Day Ten:
The Problem of Exercise

Having fallen off my stool (in Yorkshire we call it a ‘buffett’) in my attempt to simulate   swimming, I must devise another form of exercise.

No floor-based exercise such as press-ups or Yoga appeals. It’s not that I can’t get down but that it’d take me the rest of the week to get up again.

 I live in a small and generally quiet cul de sac but because everyone is home right now, each time I decide on a short walk, one of the residents pops out with the same idea, so I leap back until they’re past.

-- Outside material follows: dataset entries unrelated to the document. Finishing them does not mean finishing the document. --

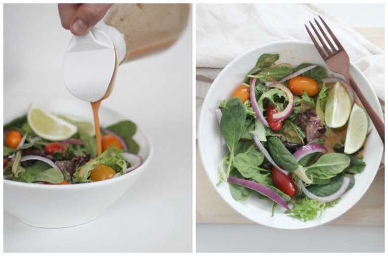It’s funny how salads have become synonymous with healthy, when a salad can be pretty much anything you want–including unhealthy. Of course this depends a little on your definition of “healthy” but for many restaurants salads can be one of the more fatty and calorie-heavy options. Last year when I started tracking my macros I felt like for the first time I had an idea of what “healthy” really looked like, and it was all about balance. Making sure I’m getting all my macro-nutrients–protein, fat and carbs–in the right proportions. I don’t keep strict track of my macros anymore, but I’m still very mindful of increasing my overall protein intake while keeping my fats and carbs at medium levels. When it comes to salads it’s easy to hit the right amount of proteins, fats and carbs with the base ingredients–greens, chicken, beans, peppers, fennel, sweet potatoes, avocado–just to name a few favorites, but it’s the dressing where that balance can really get out of whack. I prefer homemade salad dressings for the simple fact that you can’t beat the taste! But most dressings call for 1/2 cup or more of oil. Straight up oil.
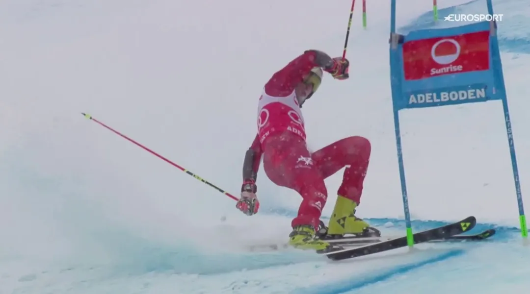 Stefan Brennsteiner cade nella 2ª manche di Adelboden. Il video del ritiro del pettorale rosso di Gigante.
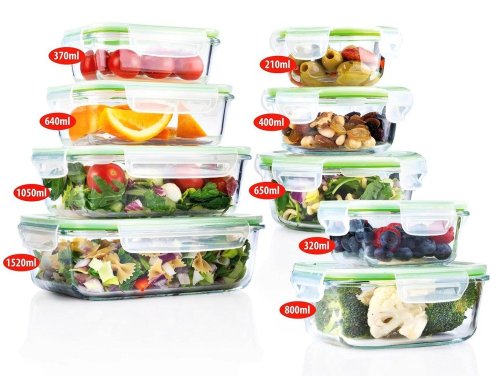 S touto kuchyňskou sadou alpina získáte celkem 9 různých nádob na potraviny s víkem. K dispozici jsou menší velikosti 210, 320, 370, 400 a 640 mililitrů, které jsou ideální pro ovoce a svačiny. Ale máte k dispozici i větší velikosti 650, 800, 1050 a 1520 mililitrů, které můžete použít pro skladování kompletních jídel.
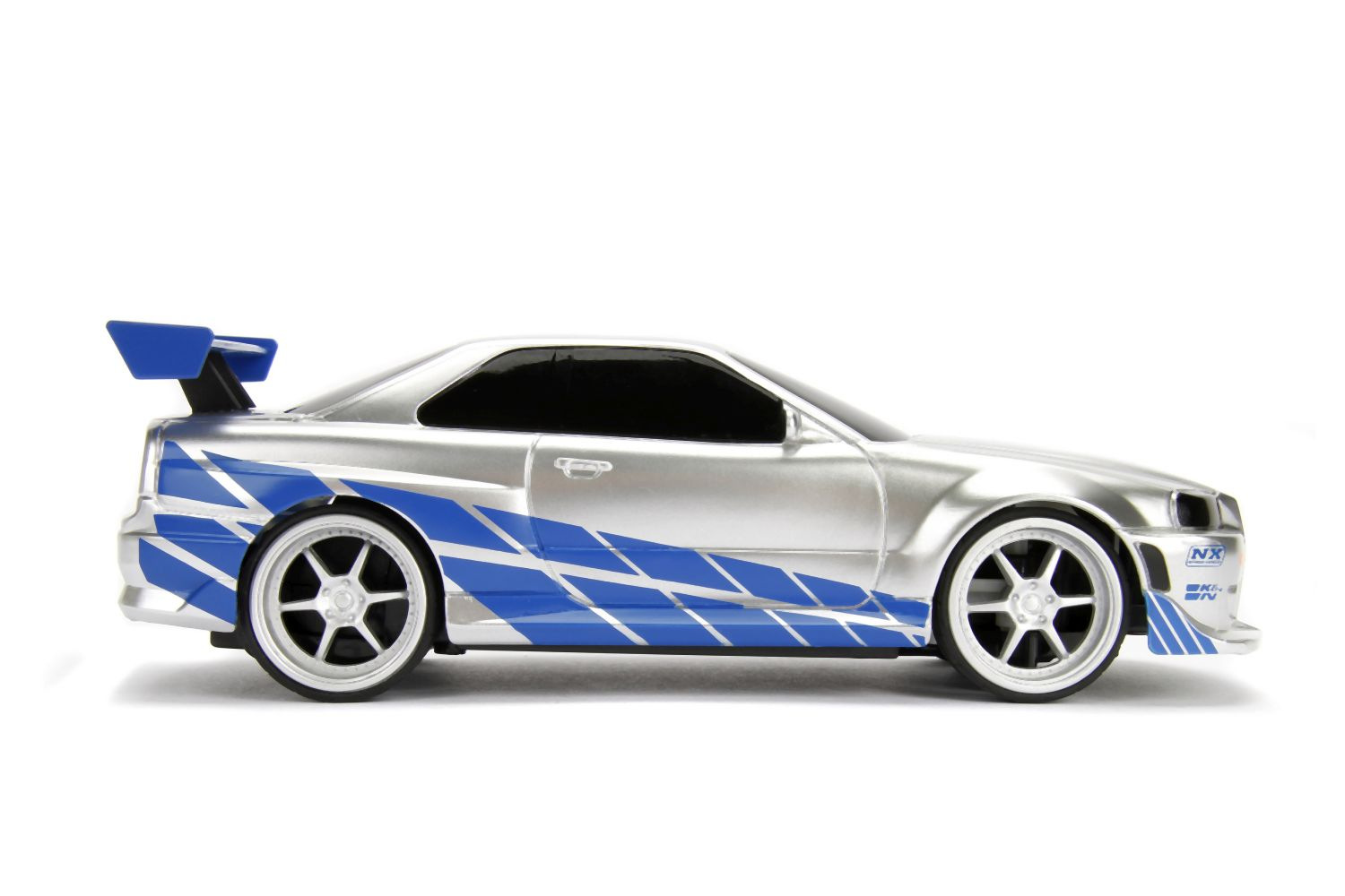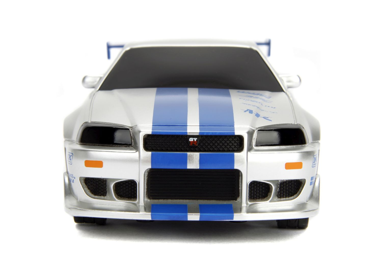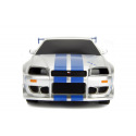 Brianovo auto Nissan Skyline GT-R (BNR34) na dálkové ovládání z akčního filmu Rychle a zběsile. 2 kanály (jezdí vpřed, vzad, vlevo a vpravo). Frekvence 2,4 GHz. Turbo funkce. Maximální rychlost 8,2 km/hod. Barva stříbrná a modrá. V měřítku 1:24.

No sooner is the street clear and I venture again when the next person decides on their constitutional.    Or the lawn contractor arrives, or children from neighbouring streets come to ride their bikes.
 
I contemplated waiting until dark but with my eyesight, I’m sure to fall over one of the  cats who live here.   So after the first week, I gave up.

I don’t have an exercise bike and if I walked up and down the room for half an hour a day, I’d l wear out the carpet and I don’t think the landlord would be too pleased.

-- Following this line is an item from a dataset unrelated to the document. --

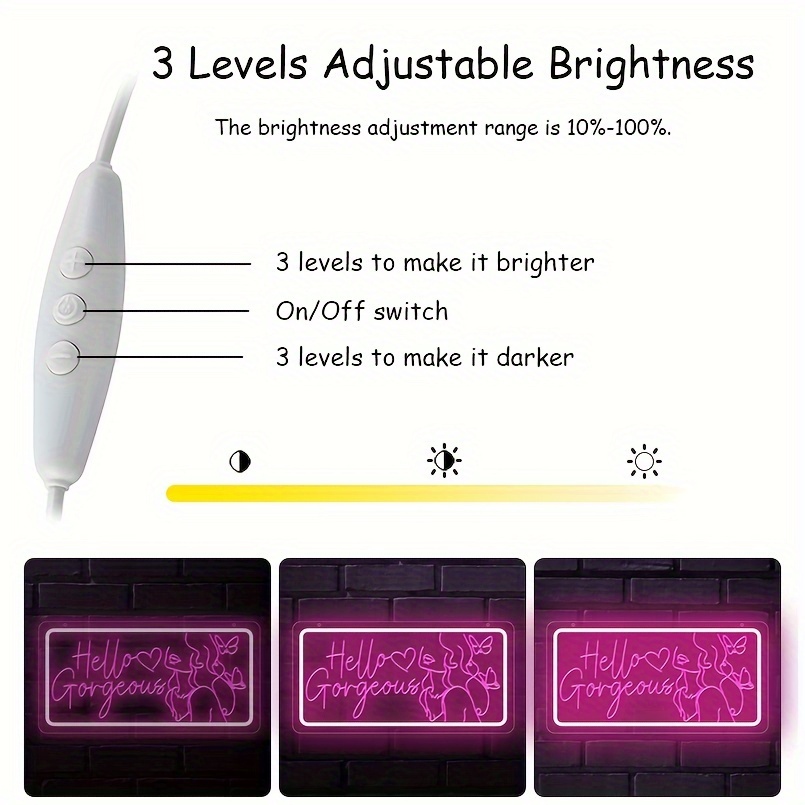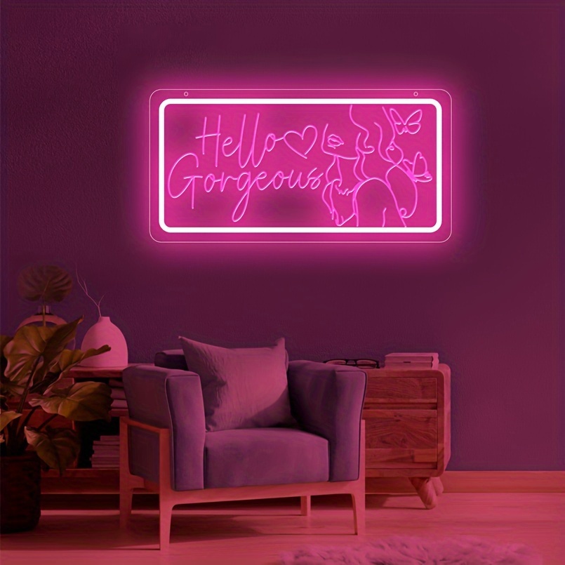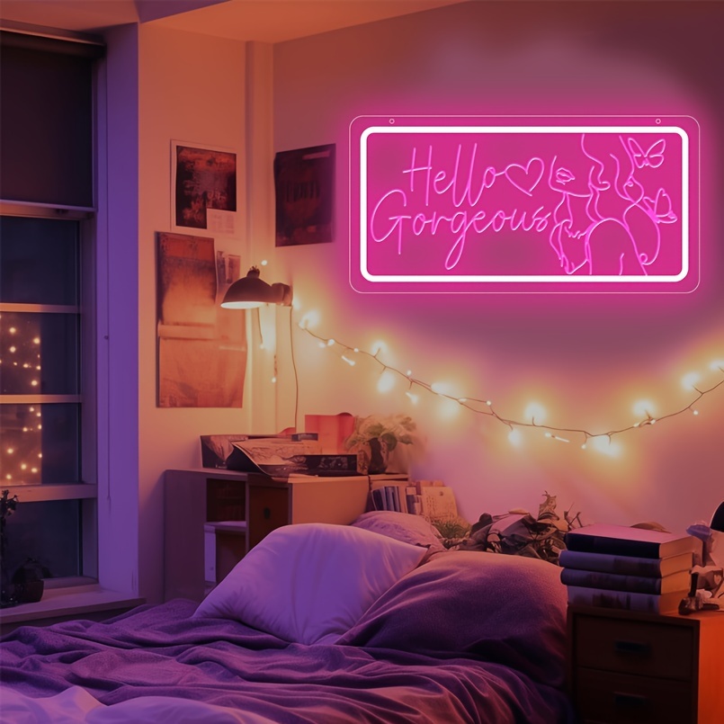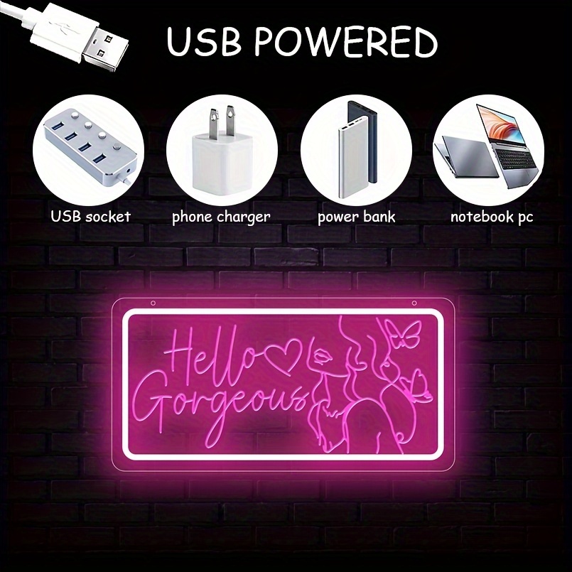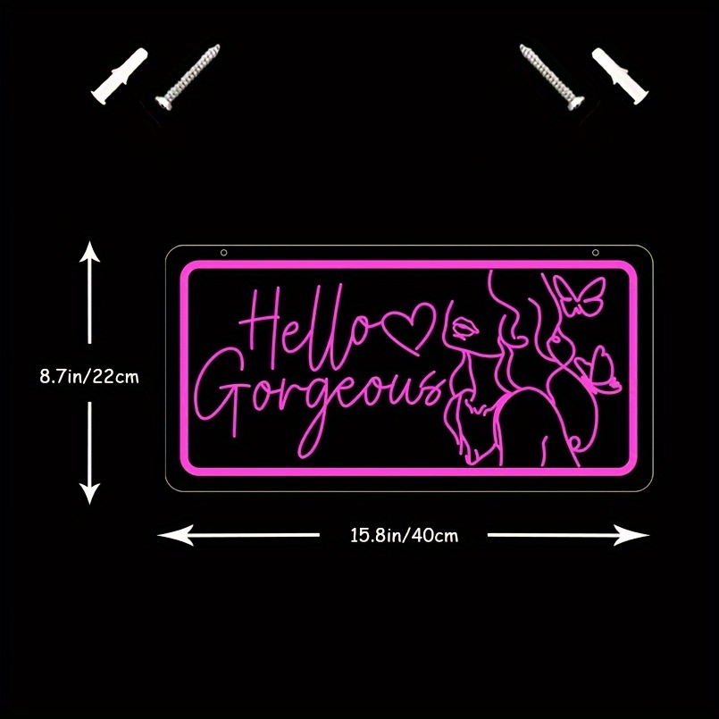 1 pc Hello Gorgeous LED neon sign, 3D engraving, ambient wall decoration neon sign for dressing room, wedding, bachelorette party, office, home, club, living room, bedroom and home wall decoration, preferred choice for friends and family birthday and holiday gifts, USB powered light up sign hanging device, 5V USB power supply

 I could juggle a few tins of beans but I’m not very proficient and I’m sure to break a toe if I drop one.

There is a theory that the brain can be fooled into thinking you’re exercising.  All you have to do is concentrate on, say, running or leaping over hurdles and you expend as much energy as if you were actually  doing it. 

So from my armchair, with tea and biscuits to hand, I’m now going to run a marathon.